Project Summary Stem cell-based gene therapies that leverage gene-editing approaches to address disease-causing mutations are emerging as viable medical interventions across a variety of pathologies. Current viral-vector-based and non-viral gene-transfer methods of delivering gene editing machinery, which involve either chemical or energetic disruption of cell membranes, are used routinely in laboratory settings, but fall short when scaled up for clinically relevant applications targetting the manufacture of therapeutic cell products. New methods that enable efficient, rapid, safe, and economical delivery of gene editing packages are needed to support the infrastructures that will be required to translate these gene therapies broadly for application in patient care. Our solution to this critical unmet need leverages innovations in gene editing and nanotechnology to render cell membranes transiently porous, enabling intracellular delivery of biomolecular cargoes. We will design and apply new methods that use acoustic waves generated within microfluidic systems (i.e., acoustofluidics) to mechanically disrupt cell membranes, facilitating the rapid and efficient delivery of CRISPR/Cas9 gene-editing components that are packaged into supramolecular nanocarriers. We use sickle cell disease, one of the most common hemoglobinopathies worldwide, as an initial clinical target for evaluating the proposed platform as it arises from a well-defined genetic mutation that can be targetted for site-specific correction in hematopoietic stem cells with gene editing systems such as CRISPR/Cas9. Successful execution of this research will pave the way for technologies that enable rapid and sustainable processing of stem cell-based gene therapies at clinically- applicable doses – effectively establishing scalable, good manufacturing practice-compatible assembly lines for manufacturing gene modified therapeutic cell products to treat a wide variety of disesases and will streamline the clinical deployment of future cellular therapies.

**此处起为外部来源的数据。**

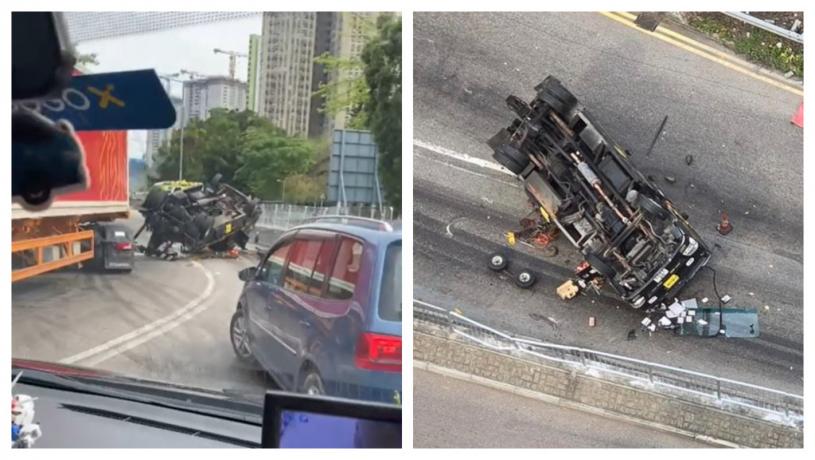 上水發生交通意外。今日(14日)早上8時許,一輛拖車在寶石湖路往文錦渡路方向近彩蒲苑,失事「自炒」撞欄,繼而全車反轉四輪朝天。警方及消防接報指有人被困車內,惟救援人員趕到現場時,發現司機受輕傷,已自行爬出車外。意外原因有待調查。

项目摘要 基于干细胞的基因疗法利用基因编辑方法来解决引起疾病的突变 正在作为各种病理的可行医疗干预措施而出现。当前基于病毒的媒介和 传递基因编辑机制的非病毒基因转移方法，涉及化学或能量 细胞膜的破坏通常在实验室环境中使用，但在临床上缩放时会降低 针对制造热细胞产品的相关应用。实现高效的新方法， 需要快速，安全且经济交付基因编辑套件来支持基础设施 需要广泛地将这些基因疗法转化以在患者护理中应用。我们解决这个批判的解决方案 未满足基因编辑和纳米技术的创新，以使细胞膜短暂地渲染 多孔，可以在生物分子货物的细胞内递送。我们将设计和应用使用的新方法 在微流体系统（即声流体）中产生的声波以机械破坏细胞 机制，支持CRISPR/CAS9基因编辑组件的快速有效地传递 包装成超分子纳米载体。我们使用镰状细胞病，这是最常见的 全球血红蛋白病，是评估提出平台的最初临床目标 一个定义明确的基因突变，可以针对造血干细胞中位点特异性校正 基因编辑系统，例如CRISPR/CAS9。这项研究的成功执行将为 能够在临床上实现基于干细胞基因疗法的快速和可持续加工的技术 适用剂量 - 有效地建立可扩展的，良好的制造实践兼容的装配线 制造基因改良的治疗细胞产品可治疗多种疾病，并将简化 未来细胞疗法的临床部署。